The executive offices and showroom, the studio of the brand’s founder, Wanny Di Filippo, and his amazing bison museum are all located within just a few steps from each other, inside a single block designed by the majestic shape of Palazzo Corsini. It’s the same place where Il Bisonte started as an artisanal workshop fifty years ago.

The showroom and offices are located on the second floor of the building, one of the city’s most opulent private palaces. From the windows overlooking the Oltrarno, Cestello church, the Abbey of San Miniato, Forte Belvedere and the Boboli Gardens, one can admire the splendor of Florence’s historic center.

The second floor can still be accessed by the building’s spiral staircase, a true masterpiece of Baroque architecture.

Wanny’s studio and the bison museum can be reached by crossing the large internal courtyard.

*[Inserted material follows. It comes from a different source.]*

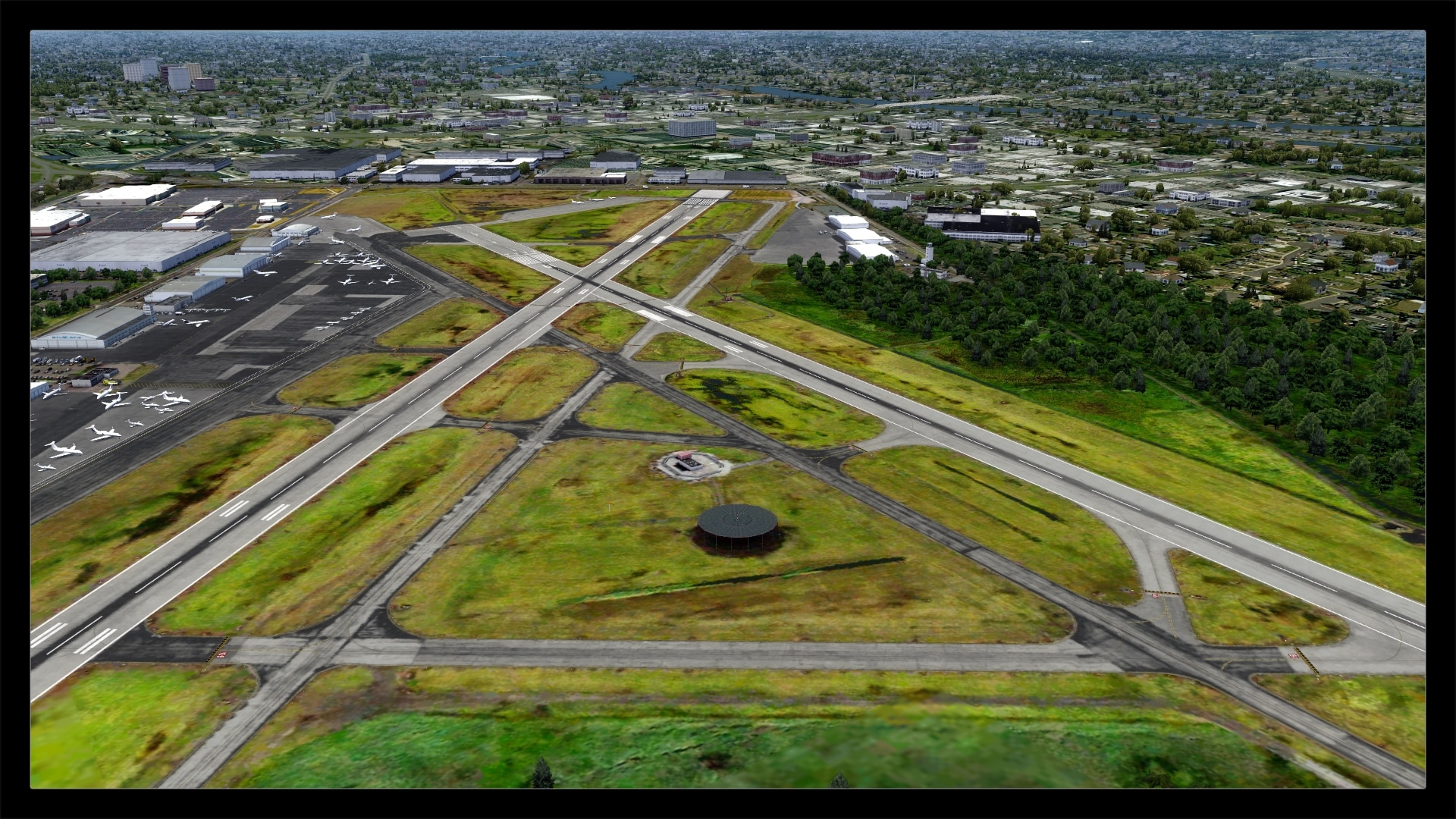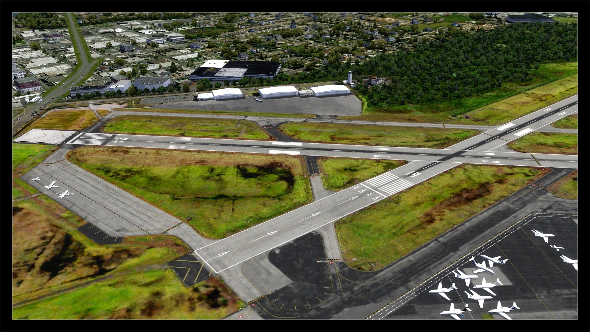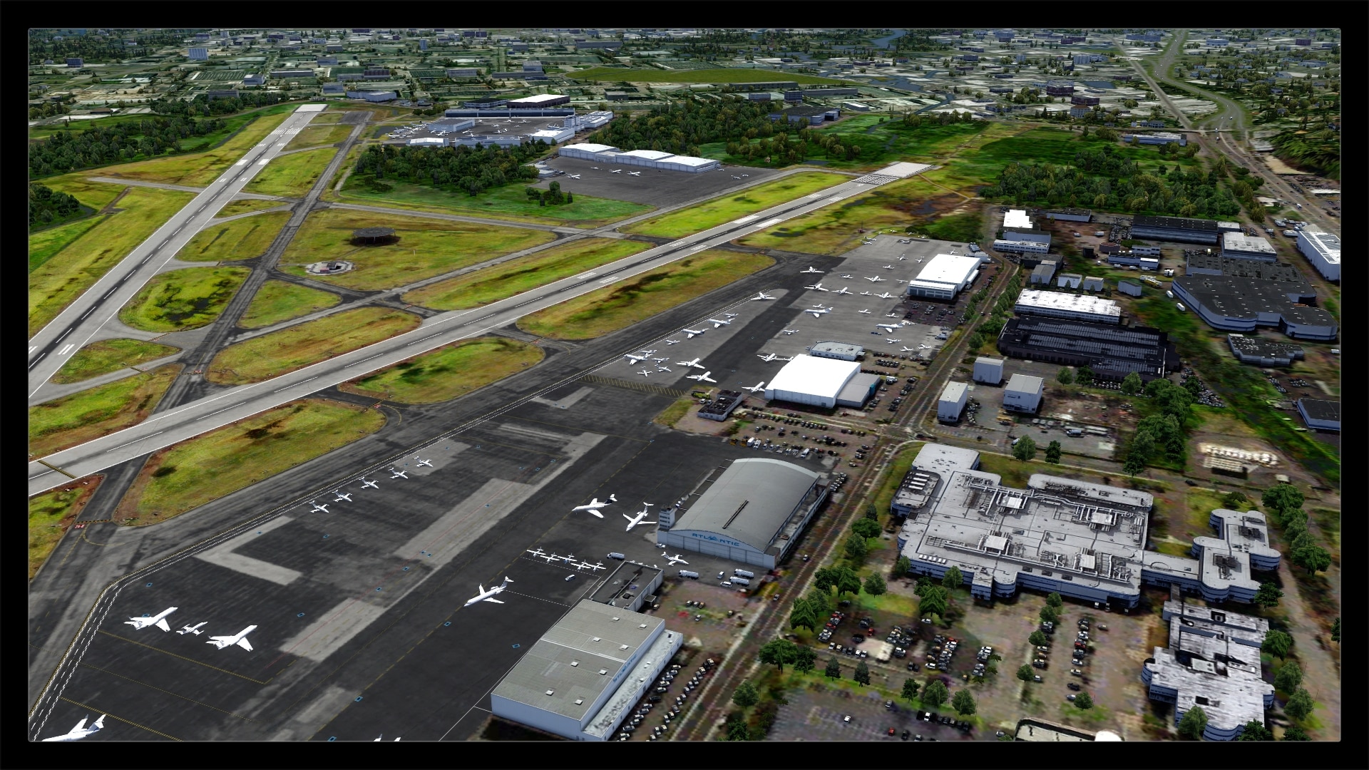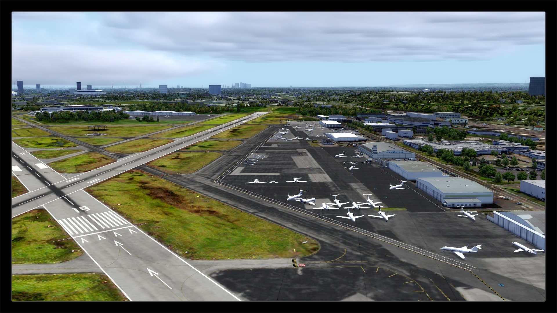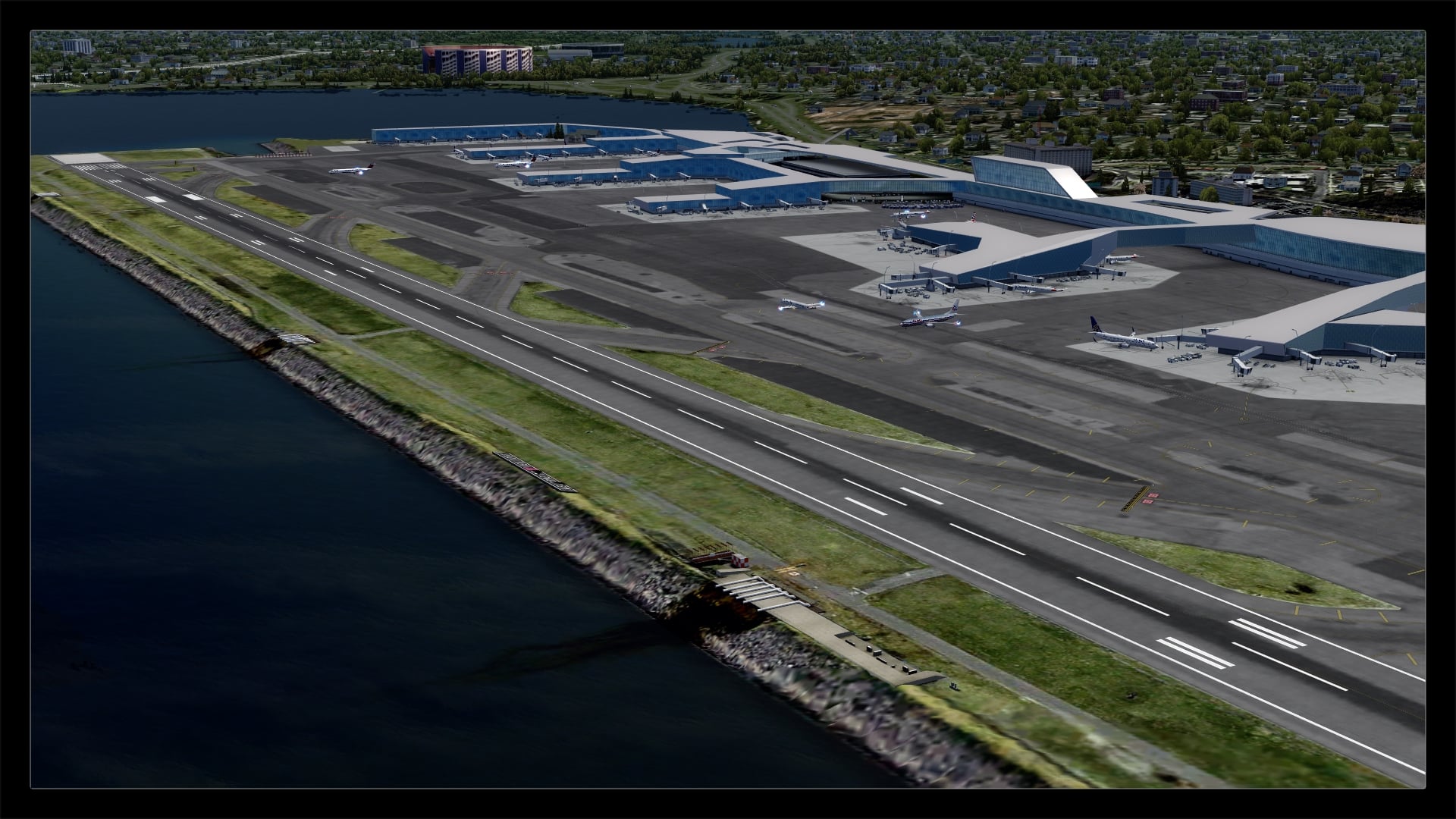Eingebettet zwischen zwei Golfplätzen, liegt der Essex County Airport ca. 30 km nordwestlich von Manhattan. Abgewickelt wird ausschließlich GA Verkehr. Daher ist es auch nur schwer nachvollziehbar, wieso auf dem Flughafen ULD (Unit Load Device) Container rumstehen. Wie bei den anderen Airports sind die Bodentexturen ganz annehmbar. Allerdings ist der Qualitätsunterscheid zwischen Betonoberfläche und Grasnarbe teilweise stark ausgeprägt. Der Tower ist allenfalls eher rudimentär dargestellt. Der Platz an sich fügt sich sehr gut in die Umgebung ein. Einzig die Einflugschneise der Bahn 22 schneidet sich unschön in einen Teil des angrenzenden Industriegebietes ein. In der Realität ist der Straßenverlauf anders und das Industriegebiet nicht so geformt wie im Simulator ist unklar, und hier der Fehler bei Orbx oder Drzewiecki liegt kann ich nicht beurteilen. Die verwendeten statischen Modelle sind sehr schön und bedürfen keiner Kritik.
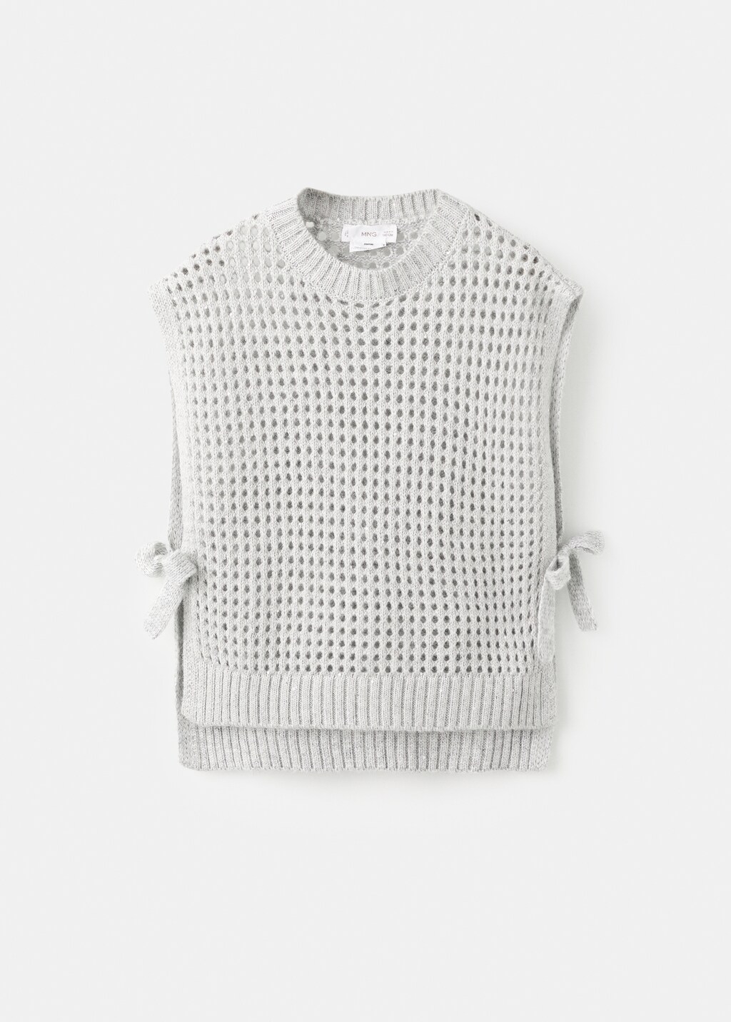 Knitted fabric. Lurex fabric. Crochet design. Glossy design. Round neck. Side bow fastening.

Finally, the shop overlooks the austere Via del Parione which connects Piazza Goldoni to Via Tornabuoni, the route favored by the most prestigious international luxury brands. The store, which is the brand’s first and largest point of sale, was established in the street level quarters once occupied by the palace stables.

The front of the building is reflected in all its splendor in the waters of the Arno river, between the Carraia and Santa Trinita bridges.

This block was once a large garden that housed a hunting lodge belonging to the Medici, the family under whose government Florence experienced the most extraordinary economic and cultural period of its history. It is not unlikely that the artists and intellectuals who attended the Medici court at the dawn of the Renaissance found refreshment here.

Palazzo Corsini as we see it today was designed in the fully-fledged Baroque era and built between 1656 and 1737.

Its appearance in the almost exclusively medieval and fifteenth century Florence’s urban plan did not go unnoticed. That first and only – and immense – baroque building inspired by the great Roman palaces was scandalous among its contemporaries. Most people objected that it was too different, too new, too lavish. But the dice had been thrown and the city learned to love the splendor of those mighty walls, the terraces open on the river, the façade facing the Lungarno, the terracotta statues and vases adorning the balustrades, and the large windows.

Over the centuries the palace’s immense rooms full of frescoes, stuccos and works of art by master artists (Pontormo, Filippo Lippi, Signorelli, and Caravaggio to name a few), its beautiful courtyard and  the splendid nymphaeum have hosted and housed Popes, heads of government, men of culture and science.

The Corsini family has been linked to the building since its construction.

Clemente XII who became Pope in 1740 was a Corsini. His election marked the culmination of the rise of the family, whose success began in the Middle Ages when they founded a bank which would extend its business throughout Europe, even to London, and would become one of its most important financial institutions.

Even today descendants of the family still live there.

The palace can be visited by appointment.